Muitos sabem que o Japão é um país de cultura e costumes próprios, orgulhoso de suas tradições.

Sobrevivendo há séculos de intempéries naturais como terremotos e tufões uma nação geograficamente minúscula, com poucos recursos, saiu bastante fragilizada da 2ª guerra mundial para tornar-se a 3ª maior economia do mundo e figurar entre as 30 melhores no índice de desenvolvimento humano.

Entretanto o Japão tem problemas frutos de sua própria cultura, mentalidade e do estresse em fazer mais com menos. Ao passo que abraça o futuro tecnológico com pesquisas avançadas em robótica, o país tem dificuldades em abandonar ideias que perdem o apelo há cada dia. 
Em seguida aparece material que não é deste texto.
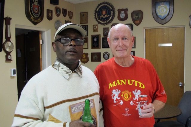 Iain Morrison and Ian Ganson - It sure is a small world when it comes to bumping into unexpected people! A prime example occurred last Wednesday when our good friend, Iain Morrison, was walking through a B & Q store in Edinburgh, Scotland, wuth his wife and bumped into someone from the distant past. As Iain described it, “As we walked in, I saw a guy coming towards us who looked very familiar. We crossed and looked at each other without saying anything. I immediately thought it looked like Ian Ganson, ex-Bda Police officer who was my uniform sergeant for a while in St. George's around 1976/77 era.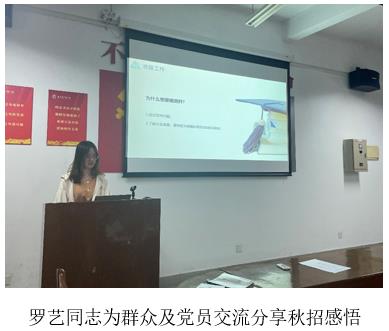 由于进入研究生三年级,作为毕业班即将迎来秋招,为了更好地服务同学,让同学们更好了解招聘需求、做好应聘的准备,2019级研究生第四党支部安排了3名有实习面试经验的党员同学,为其他同学做一次工作交流分享会。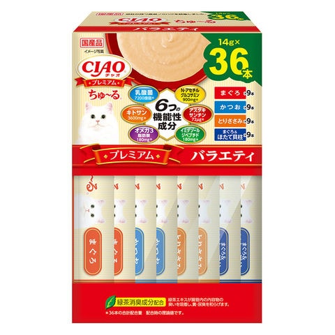 メーカー画像 CIAO プレミアムちゅ~る BOX バラエティ 14g×36本 4901133613333 猫 ねこ ネコ キャット cat CAT チャオ ちゃお 猫用 ねこ用 猫フード キャットフード 猫餌 猫えさ きゃっとふーど おやつ オヤツ トリーツ 間食 猫おやつ ペースト 液状 液体 レトルト ウェットフード ウエットフード ちゅ~る ちゅーる チュール 機能性成分 お腹 おなか フン臭 ふん 糞 皮膚 被毛 関節 目 眼 健康維持 乳酸菌 キトサン オメガ3 グルコサミン アスタキサンチン イミダゾールジペプチド まぐろ マグロ かつお カツオ とりささみ とりササミ ささみ ササミ ほたて ホタテ 国産 日本産 緑茶消臭成分 バラエティ バラエティパック アソート 箱入り 大容量 20250415 y25m04 ngtk

Para citar um exemplo, muitos japoneses preferiam Tvs CRT's e celulares flips numa época onde Tvs LCD's e Smartphones já eram regra de mercado.

Este mesmo pensamento domina e engessa a criatividade de autores de novels e mangás no país, refletindo nos estúdios que produzem animes dessas obras. Após 10 anos de domínio dos isekais de aventura e fantasia medieval mais adaptações neste estilo continuam sendo aprovadas trazendo enredos manjados, reciclados, com personagens genéricos tendo pouco ou nada a acrescentar a indústria.

Esta dificuldade/receio/preguiça em criar algo novo tem causado um desinteresse crescente por essas séries, ainda mais com concorrentes de peso incluindo videogames e novos serviços de streaming.

Embora os primeiros artistas gráficos tenham iniciado seus trabalhos no início do século XX, a animação japonesa começou p'ra valer na década de 1960 e até meados dos anos 1980 era vista como algo exclusivo do país.

Mas a partir da década de 1990 o Japão decidiu: "Vamos fazer os animes dominarem o mundo!" A iniciativa abriu portas para novos autores e estúdios interessados em criar algo esteticamente japonês mas que tivesse apelo ocidental. Entre os frutos da empreitada surgiram obras icônicas tipo: Akira, Ghost In The Shell, Macross e Cowboy Bebop para citar algumas.

No entanto hoje a iniciativa parece abandonada sendo poucas as obras voltadas ao público jovem-adulto em meio aos isekais genéricos e as comédias românticas levesTudo no Japão atualmente precisa ser "doce" e "fofinho" para supostamente fazer sucesso. Não há problema em aplicar tais elementos em obras que se propõem, não me entendam mal, porém é fato que histórias com apelo mais "realista" ou "pé no chão" estão sendo brutalmente marginalizadas pelo mercado. 

Alguns diretores já alertam: Assim como o estilo "moe" poderia ter arruinado a animação japonesa caso durasse mais tempo, algo deve ser feito para mudar o cenário atual! Até porque, devido o streaming, o ocidente ganha mais importância há cada ano.